As a physical therapist, Jinny Fruin understood the biomechanics of the human body. She treated children and adults with spinal problems, back pain, and other limitations associated with injuries and medical conditions that change body mechanics. Nevertheless, she was willing to endure her own pain and disability to avoid surgery for as long as she could.
Adult-onset scoliosis, combined with lumbar vertebrae deteriorated by age and pressure from the altered curve of her spine, radically altered Fruin's posture. She developed a noticeable curvature in her spine and a change in the vertebrae that pitched her forward. She had tried cortisone shots, with diminishing results. Finally, when the pain became so bad that she could no longer sleep at night, Fruin followed the advice of a friend. See John Ratliff at Stanford Health Care, she told Fruin.
John Ratliff, MD, FACS, is co-director of Stanford Health Care's Division of Spine and Peripheral Nerve Surgery. He is also a nationally known expert in advanced methods for complex neurospine surgery.
At least 6 million people in the United States have been diagnosed with scoliosis. It has no definitive cause, although it is widely believed genetics and biology may play some role. The abnormal curvature of the spine that is the most pronounced symptom of scoliosis can appear at any time. With age, however, comes the natural degeneration of discs, the pads of cartilage that cushion the spine's stack of bony vertebrae. The bone on bone grinding becomes one cause of pain; pinched spinal nerves also can send pain signals down through the legs, making every step agonizing. Fruin did the best she could to endure that pain, but found she couldn't hike anymore, or drive, or even climb the stairs in her home.
For many people with scoliosis, medication and other non-surgical treatments can alleviate the pain and discomfort produced by the spinal misalignment it causes. For others, including Fruin, the condition may only respond to surgery. For decades, however, the only available form of corrective surgery for scoliosis meant multiple procedures, staged over days, followed by months of bedridden recovery. The surgery also included a high degree of blood loss and increased risk of infection from the multiple procedures.
At 70, Fruin was not a likely candidate for this type of back surgery.

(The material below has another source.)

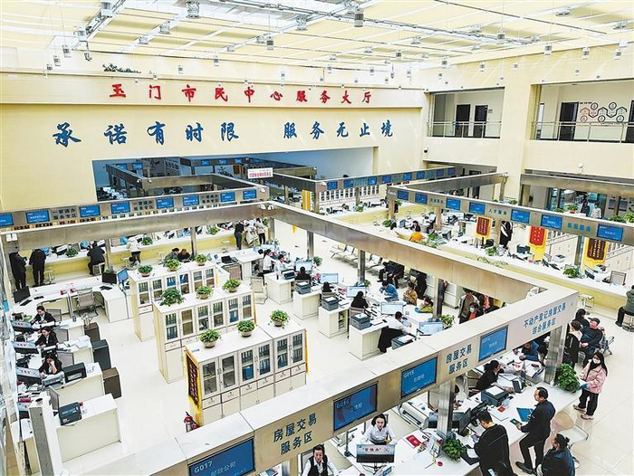 玉门市民中心服务大厅。

Without it, however, she faced the ultimate horror of being bent forward 90 degrees, her body bent in half. "I was so used to being independent," she said. "I did not want to end up not being able to do anything."

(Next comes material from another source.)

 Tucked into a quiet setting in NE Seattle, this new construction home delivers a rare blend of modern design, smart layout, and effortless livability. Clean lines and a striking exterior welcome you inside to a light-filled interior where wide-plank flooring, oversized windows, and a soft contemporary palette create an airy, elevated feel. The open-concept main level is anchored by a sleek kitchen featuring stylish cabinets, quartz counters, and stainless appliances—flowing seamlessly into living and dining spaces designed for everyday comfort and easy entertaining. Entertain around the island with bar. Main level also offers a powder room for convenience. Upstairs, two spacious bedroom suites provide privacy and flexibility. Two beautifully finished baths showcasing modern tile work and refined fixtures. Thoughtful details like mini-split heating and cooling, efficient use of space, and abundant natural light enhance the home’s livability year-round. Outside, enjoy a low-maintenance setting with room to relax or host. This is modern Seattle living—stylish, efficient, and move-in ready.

Ratliff has spent much of his career focused on how to make spine surgeries safer and more effective understanding patient and procedure factors, predicting and avoiding complications, and focusing on patient outcomes. He is also an expert in spinal reconstruction and minimally invasive incisions that can reduce infection and recovery time. After seeing Fruin and understanding her condition, Ratliff told her that she had done as much as could be done without surgery—and that he thought he could figure out a way to help her.

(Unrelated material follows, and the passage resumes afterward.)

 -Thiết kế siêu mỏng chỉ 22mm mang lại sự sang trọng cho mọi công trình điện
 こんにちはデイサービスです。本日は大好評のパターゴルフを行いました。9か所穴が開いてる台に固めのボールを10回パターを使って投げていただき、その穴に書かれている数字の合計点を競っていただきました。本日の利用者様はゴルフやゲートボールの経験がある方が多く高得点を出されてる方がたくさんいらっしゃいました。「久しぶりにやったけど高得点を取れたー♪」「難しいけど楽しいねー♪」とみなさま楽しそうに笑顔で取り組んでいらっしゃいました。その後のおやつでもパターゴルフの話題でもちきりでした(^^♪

"We'll have to do a spinal fusion," he told her, "I'll do it in two steps. I want to wedge the vertebrae to correct the forward pitch, but I won't know if I'll be able to do that until we're in surgery and until I see how well we can correct your specific deformity." Advanced imaging technology can only tell so much of the story, and until Ratliff was able to actually see Fruin's vertebrae, he did not know what might be possible.
Ratliff's procedure turned out to be successful. “He looked so pleased after the surgery," Fruin said. "He had such a happy expression on his face. 'I got all four vertebrae I wanted to!' he told me."
A few days later, he performed a second procedure, where he aligned next to Fruin's spine a titanium rod, secured by screws and wires, from her chest to her pelvis. "He had corrected the curve by 50 percent,” Fruin said. "I had a 55 degree curve that went down to 25 degrees."
Her friends noticed a difference right away. "It was just incredible," Fruin said. "They told me they hadn't seen me stand up straight for years. And I was off all my pain medication 2 ½ months after the surgeries."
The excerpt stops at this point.